Scientists in the College of Engineering are leading an effort to understand the potential for human exposure to toxic substances that may persist in the environment from hundreds of formerly used defense sites in Alaska.
“We are going to look for exactly what’s left over there and see how these chemicals are transported through the environment in response to climate change,” Frank Yang, project lead and environmental engineering professor in the Department of Civil and Environmental Engineering, said. “When the sites are warming up, more toxicants can be released into the environment. We will find and quantify impacts on the food web and outline possible steps for mitigation.”
The Arctic is contaminated by persistent organic pollutants from many sources, including the abandoned defense sites. As the climate warms, toxic substances that had been bound in arctic soils may become more mobile and enter the food web, potentially increasing human health risks from exposure to the chemicals.

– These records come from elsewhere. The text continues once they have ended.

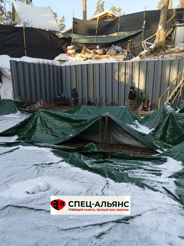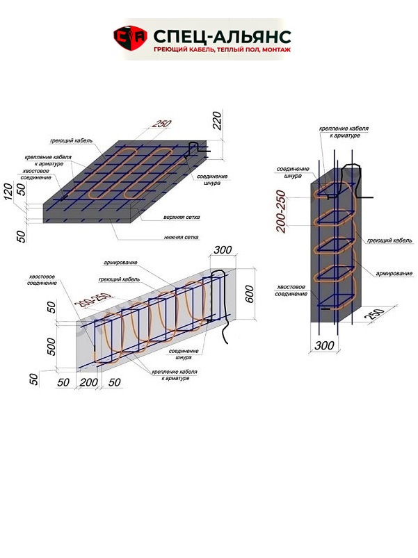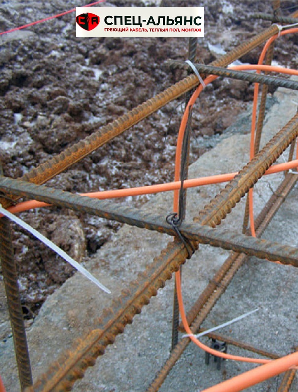 Заливка бетона: Убедитесь, что греющая часть кабеля будет полностью погружена в смесь, чтобы исключить перегрев на воздухе.
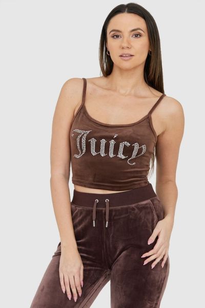 JUICY COUTURE Brązowy welurowy top damski z błyszczącym logo, Rozmiar L
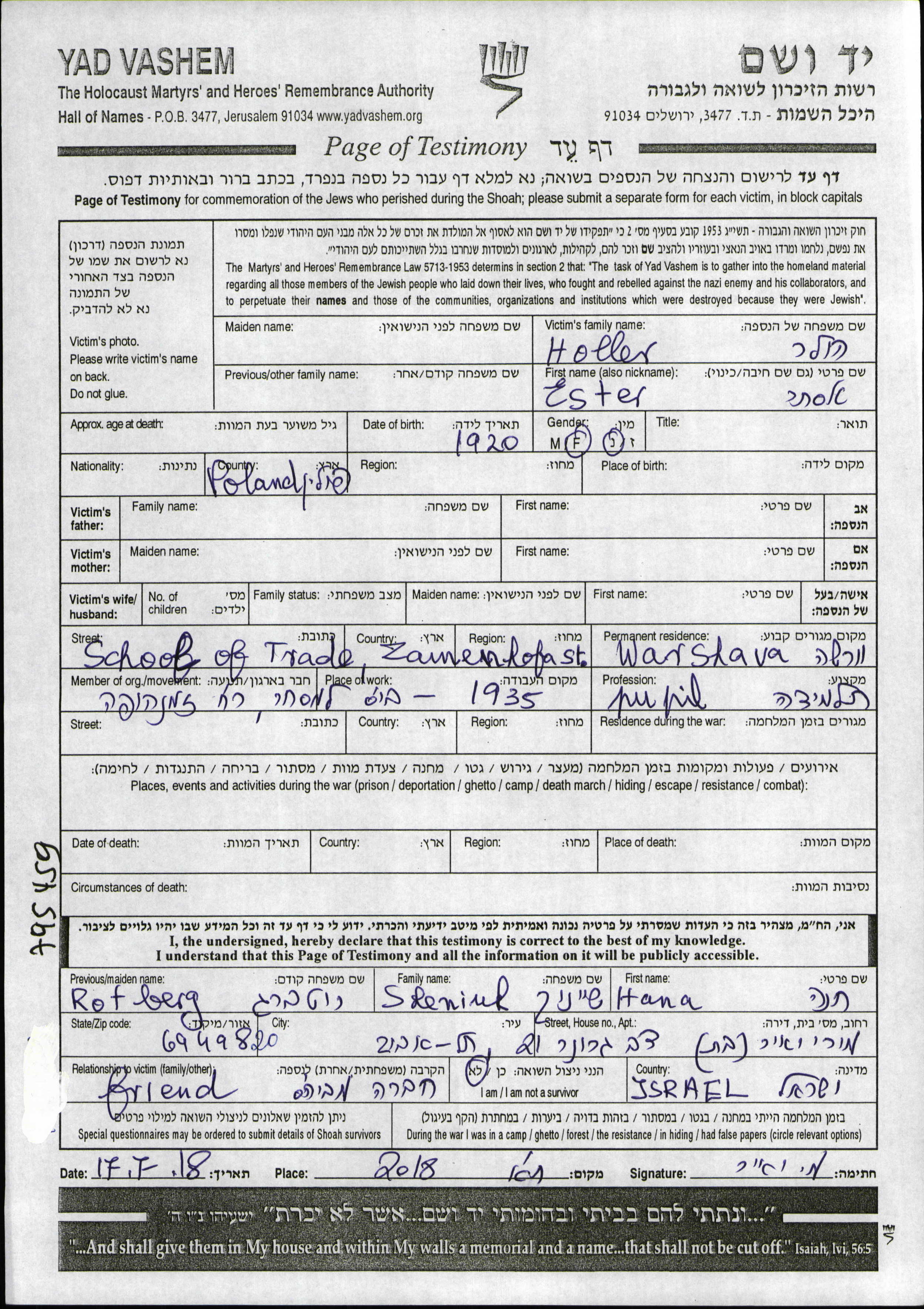 Холлер Эстер 1920 Варшава, Польша Лист свидетельских показаний
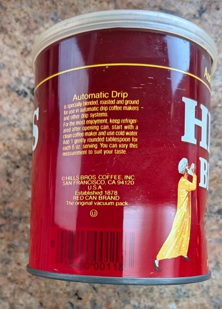 This vintage Hills Bros regular grind coffee tin is a classic piece of coffee and tea memorabilia. Featuring a striking red color and original design, this empty can with lid is a collectible item that harkens back to a bygone era of American coffee culture. Made in the United States, this tin is a nostalgic reminder of the iconic Hills Bros brand and the timeless appeal of coffee and tea merchandise. Perfect for collectors or enthusiasts of vintage advertising and food items, this coffee tin is a unique and charming addition to any collection.
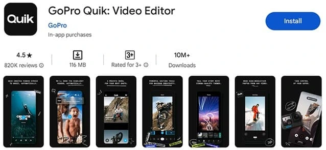 इस ऐप में कई सरे फीचर है, जैसे – add photo, music, Themes, videos text, trim shots manually, auto sync to music, Stickers, filters, text fonts, video editing styles आदि। GoPro Quik app को आप प्ले स्टोर से फ्री में डाउनलोड कर सकते है।
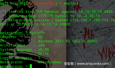 然后在web机上搭建一个简易的web服务,然后使用msf生成一个正向的shell,在cs下使用wmi用cmd使用certutil下载文件,并执行,msf收到域控的session
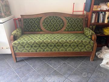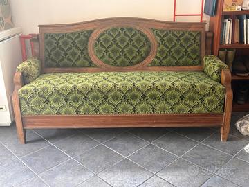 Tipico Divano ottomana anni 50. Telaio in legno, seduta e schienale imbottiti, colore verde, come da foto. Misure: Lunghezza 1.80, Altezza dello schienale 90, Altezza seduta 55, Profondità 75. Ritiro in loco.

“The big question is where to hunt and fish for best practice to protect their health,” Yang said. “There has been concern with the safety of subsistence foods collected near the military sites. It’s been an issue for a while.”
“One question of many arctic communities is if there are specific areas to avoid when harvesting food, and if people need to be concerned about toxicants when eating nutritious, traditional foods,” Chandra Poe, Environmental Program Director for Qawalangin Tribe, said.

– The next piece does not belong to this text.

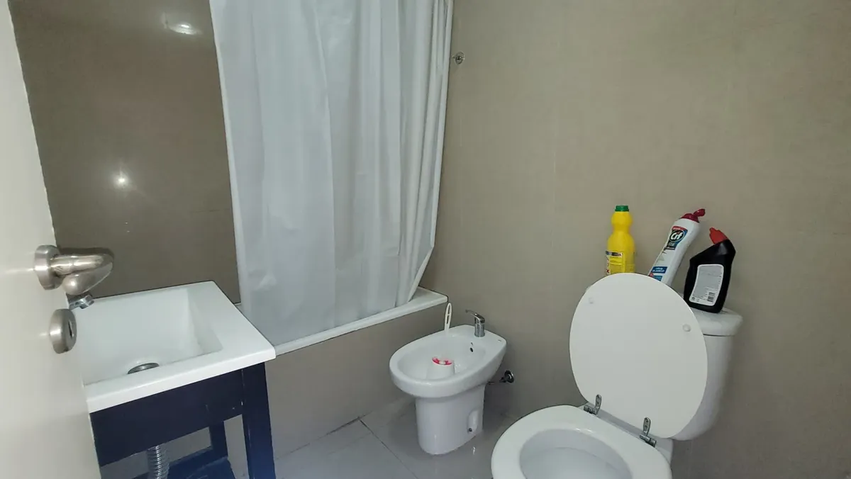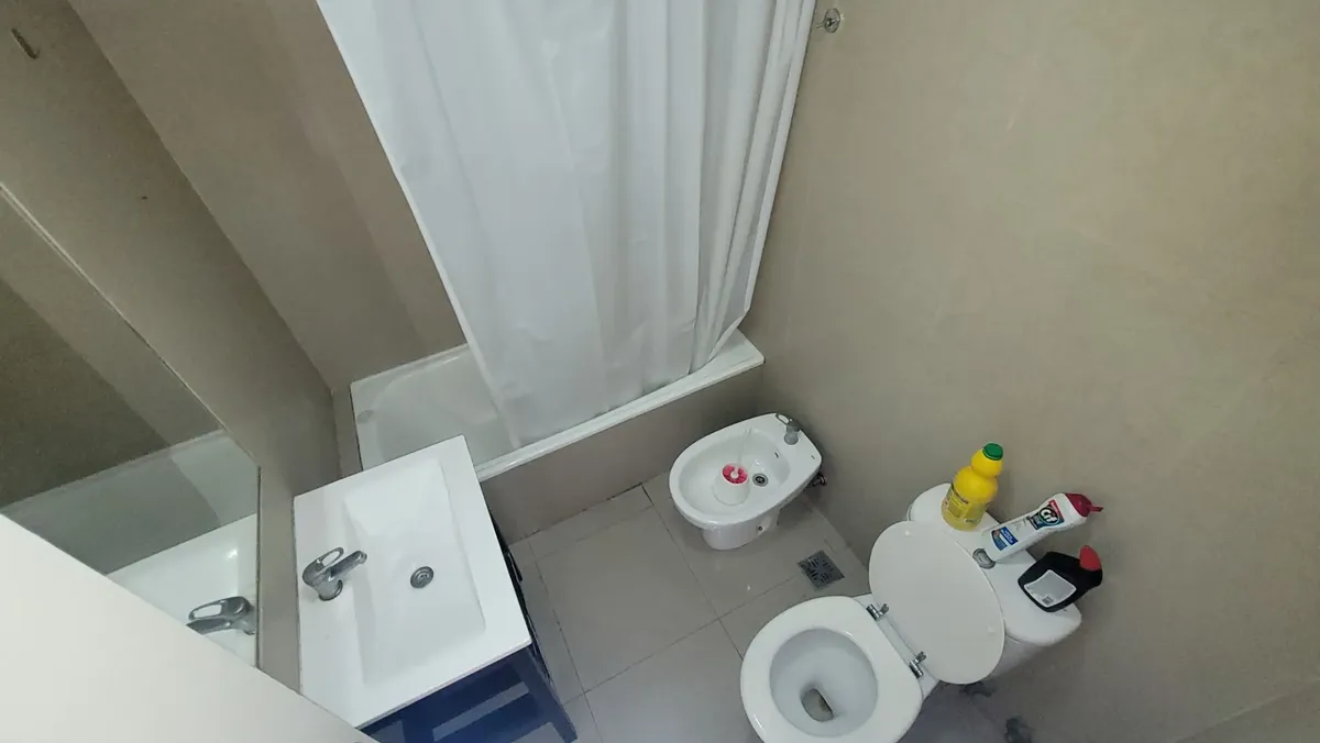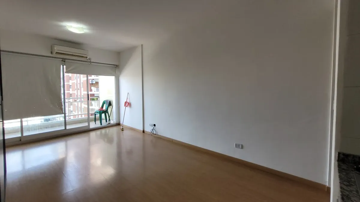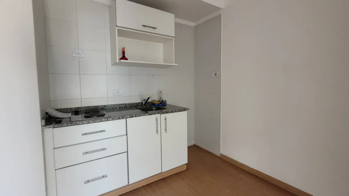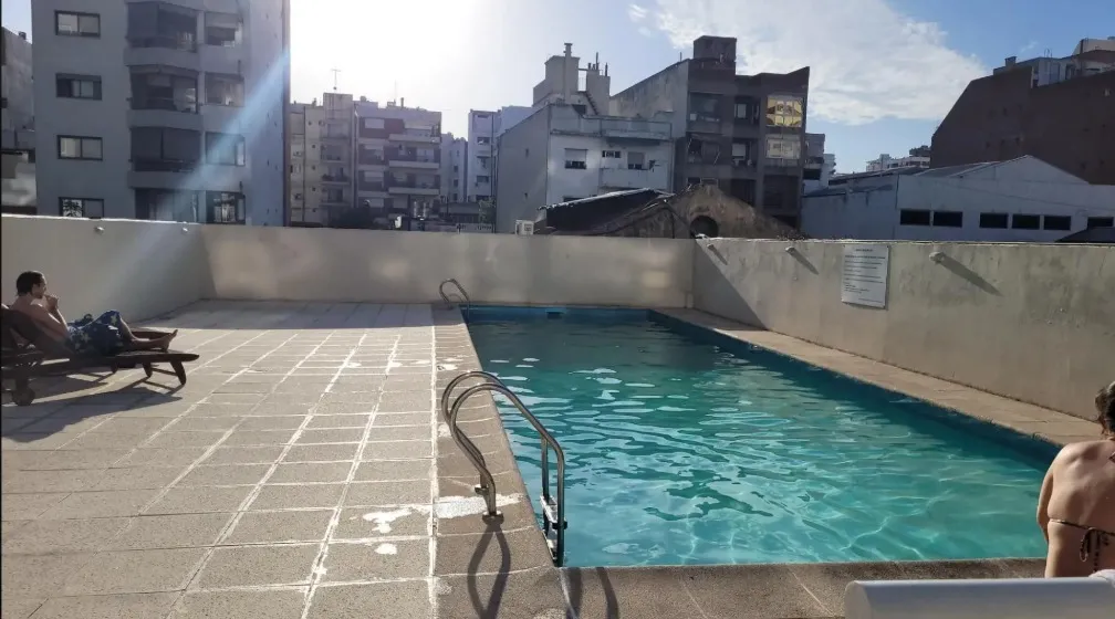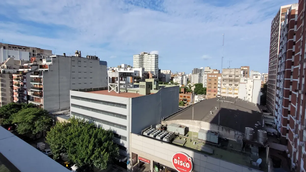 Квартира-студия в Caballito, окно на улицу, 8-й этаж. Площадь в объявлении не указана. Кухня объединена с гостиной, есть совмещённый санузел; напольное покрытие — керамическая плитка. Установлен кондиционер типа split (холод/тепло), горячая вода — центральная. Имеется балкон. В здании есть большой бассейн и солярий, общая гостиная для жильцов, прачечная; в объявлении также упомянут солярий. До Disco (напротив), до Av. Juan B. Alberdi — в нескольких минутах пешком; до estación ACOYTE Subte Línea

The research team is collaborating closely with the Qawalangin Tribe of Unalaska and the City of Unalaska through a participatory research approach to understand the research questions of importance to the community, including potential risks of human exposure to these pollutants on Unalaska Island. The work is funded by a National Science Foundation grant of $1.6 million for four years.
The team will co-develop the project with the local community to promote the continuation of culturally important subsistence lifestyles, train residents in research and management techniques and foster proactive and sustainable public health risk management.

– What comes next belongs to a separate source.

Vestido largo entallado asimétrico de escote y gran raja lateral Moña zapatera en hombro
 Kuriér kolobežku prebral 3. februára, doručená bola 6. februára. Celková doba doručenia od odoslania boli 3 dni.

The community engaged research includes workshops, interviews and an environmental monitoring academy to collect the information and samples for priority community needs. Workshops and interviews will be conducted to identify research questions that are community-driven, grounded in tribal self-determination and at a system scale related to sustainable management of the persistent organic pollutants.
The environmental monitoring academy includes classroom sessions and field exercises on nutritional benefits of a subsistence diet, sources and health effects of contaminants, environmental mapping, sampling techniques, operation of analytical instruments and appropriate quality assurance/quality control procedures.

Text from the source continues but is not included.